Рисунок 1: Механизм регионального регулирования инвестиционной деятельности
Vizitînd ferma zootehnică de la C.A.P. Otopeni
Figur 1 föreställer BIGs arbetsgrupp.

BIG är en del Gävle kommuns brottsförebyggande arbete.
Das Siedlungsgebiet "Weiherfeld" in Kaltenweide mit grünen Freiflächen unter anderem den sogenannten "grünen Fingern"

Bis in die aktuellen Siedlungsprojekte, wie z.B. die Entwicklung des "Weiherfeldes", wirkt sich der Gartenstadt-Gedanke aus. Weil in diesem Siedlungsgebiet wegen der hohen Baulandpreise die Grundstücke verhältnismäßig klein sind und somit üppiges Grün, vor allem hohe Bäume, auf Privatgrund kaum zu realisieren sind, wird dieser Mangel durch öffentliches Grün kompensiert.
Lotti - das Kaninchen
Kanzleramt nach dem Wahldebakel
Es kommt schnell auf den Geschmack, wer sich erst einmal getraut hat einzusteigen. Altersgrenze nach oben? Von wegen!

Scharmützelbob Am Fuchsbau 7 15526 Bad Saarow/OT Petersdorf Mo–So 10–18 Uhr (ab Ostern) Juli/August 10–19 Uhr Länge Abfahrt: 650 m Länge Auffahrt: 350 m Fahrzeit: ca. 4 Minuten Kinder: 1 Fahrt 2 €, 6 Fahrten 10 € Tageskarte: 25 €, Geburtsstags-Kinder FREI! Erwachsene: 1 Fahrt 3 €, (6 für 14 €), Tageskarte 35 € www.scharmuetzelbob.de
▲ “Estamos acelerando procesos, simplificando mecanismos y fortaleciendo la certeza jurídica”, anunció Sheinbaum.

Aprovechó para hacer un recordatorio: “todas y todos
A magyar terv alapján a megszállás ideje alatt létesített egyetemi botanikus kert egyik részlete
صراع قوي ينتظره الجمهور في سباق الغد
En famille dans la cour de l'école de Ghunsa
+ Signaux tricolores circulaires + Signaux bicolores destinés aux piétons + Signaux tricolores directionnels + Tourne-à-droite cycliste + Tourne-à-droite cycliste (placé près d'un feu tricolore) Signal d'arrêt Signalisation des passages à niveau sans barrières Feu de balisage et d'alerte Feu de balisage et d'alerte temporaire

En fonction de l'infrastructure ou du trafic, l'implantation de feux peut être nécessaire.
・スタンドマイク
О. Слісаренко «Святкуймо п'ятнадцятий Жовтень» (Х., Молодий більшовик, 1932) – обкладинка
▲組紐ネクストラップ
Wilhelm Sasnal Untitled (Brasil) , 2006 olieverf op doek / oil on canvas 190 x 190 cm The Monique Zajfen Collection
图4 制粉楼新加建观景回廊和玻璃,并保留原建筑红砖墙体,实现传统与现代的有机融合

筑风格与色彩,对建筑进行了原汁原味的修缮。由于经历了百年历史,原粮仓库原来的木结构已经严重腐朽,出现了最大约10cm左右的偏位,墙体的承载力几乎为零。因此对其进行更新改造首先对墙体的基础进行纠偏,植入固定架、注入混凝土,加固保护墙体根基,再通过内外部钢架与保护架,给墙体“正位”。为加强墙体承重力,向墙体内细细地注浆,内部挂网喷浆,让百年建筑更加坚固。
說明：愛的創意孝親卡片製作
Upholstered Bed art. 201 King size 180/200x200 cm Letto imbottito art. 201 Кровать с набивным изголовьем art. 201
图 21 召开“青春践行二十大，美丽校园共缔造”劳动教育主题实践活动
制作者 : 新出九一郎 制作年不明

#### TASK GOAL:
The whole block of entries above should be repeated exactly.

#### WORKED SOLUTION:
Рисунок 1: Механизм регионального регулирования инвестиционной деятельности
Vizitînd ferma zootehnică de la C.A.P. Otopeni
Figur 1 föreställer BIGs arbetsgrupp.

BIG är en del Gävle kommuns brottsförebyggande arbete.
Das Siedlungsgebiet "Weiherfeld" in Kaltenweide mit grünen Freiflächen unter anderem den sogenannten "grünen Fingern"

Bis in die aktuellen Siedlungsprojekte, wie z.B. die Entwicklung des "Weiherfeldes", wirkt sich der Gartenstadt-Gedanke aus. Weil in diesem Siedlungsgebiet wegen der hohen Baulandpreise die Grundstücke verhältnismäßig klein sind und somit üppiges Grün, vor allem hohe Bäume, auf Privatgrund kaum zu realisieren sind, wird dieser Mangel durch öffentliches Grün kompensiert.
Lotti - das Kaninchen
Kanzleramt nach dem Wahldebakel
Es kommt schnell auf den Geschmack, wer sich erst einmal getraut hat einzusteigen. Altersgrenze nach oben? Von wegen!

Scharmützelbob Am Fuchsbau 7 15526 Bad Saarow/OT Petersdorf Mo–So 10–18 Uhr (ab Ostern) Juli/August 10–19 Uhr Länge Abfahrt: 650 m Länge Auffahrt: 350 m Fahrzeit: ca. 4 Minuten Kinder: 1 Fahrt 2 €, 6 Fahrten 10 € Tageskarte: 25 €, Geburtsstags-Kinder FREI! Erwachsene: 1 Fahrt 3 €, (6 für 14 €), Tageskarte 35 € www.scharmuetzelbob.de
▲ “Estamos acelerando procesos, simplificando mecanismos y fortaleciendo la certeza jurídica”, anunció Sheinbaum.

Aprovechó para hacer un recordatorio: “todas y todos
A magyar terv alapján a megszállás ideje alatt létesített egyetemi botanikus kert egyik részlete
صراع قوي ينتظره الجمهور في سباق الغد
En famille dans la cour de l'école de Ghunsa
+ Signaux tricolores circulaires + Signaux bicolores destinés aux piétons + Signaux tricolores directionnels + Tourne-à-droite cycliste + Tourne-à-droite cycliste (placé près d'un feu tricolore) Signal d'arrêt Signalisation des passages à niveau sans barrières Feu de balisage et d'alerte Feu de balisage et d'alerte temporaire

En fonction de l'infrastructure ou du trafic, l'implantation de feux peut être nécessaire.
・スタンドマイク
О. Слісаренко «Святкуймо п'ятнадцятий Жовтень» (Х., Молодий більшовик, 1932) – обкладинка
▲組紐ネクストラップ
Wilhelm Sasnal Untitled (Brasil) , 2006 olieverf op doek / oil on canvas 190 x 190 cm The Monique Zajfen Collection
图4 制粉楼新加建观景回廊和玻璃,并保留原建筑红砖墙体,实现传统与现代的有机融合

筑风格与色彩,对建筑进行了原汁原味的修缮。由于经历了百年历史,原粮仓库原来的木结构已经严重腐朽,出现了最大约10cm左右的偏位,墙体的承载力几乎为零。因此对其进行更新改造首先对墙体的基础进行纠偏,植入固定架、注入混凝土,加固保护墙体根基,再通过内外部钢架与保护架,给墙体“正位”。为加强墙体承重力,向墙体内细细地注浆,内部挂网喷浆,让百年建筑更加坚固。
說明：愛的創意孝親卡片製作
Upholstered Bed art. 201 King size 180/200x200 cm Letto imbottito art. 201 Кровать с набивным изголовьем art. 201
图 21 召开“青春践行二十大，美丽校园共缔造”劳动教育主题实践活动
制作者 : 新出九一郎 制作年不明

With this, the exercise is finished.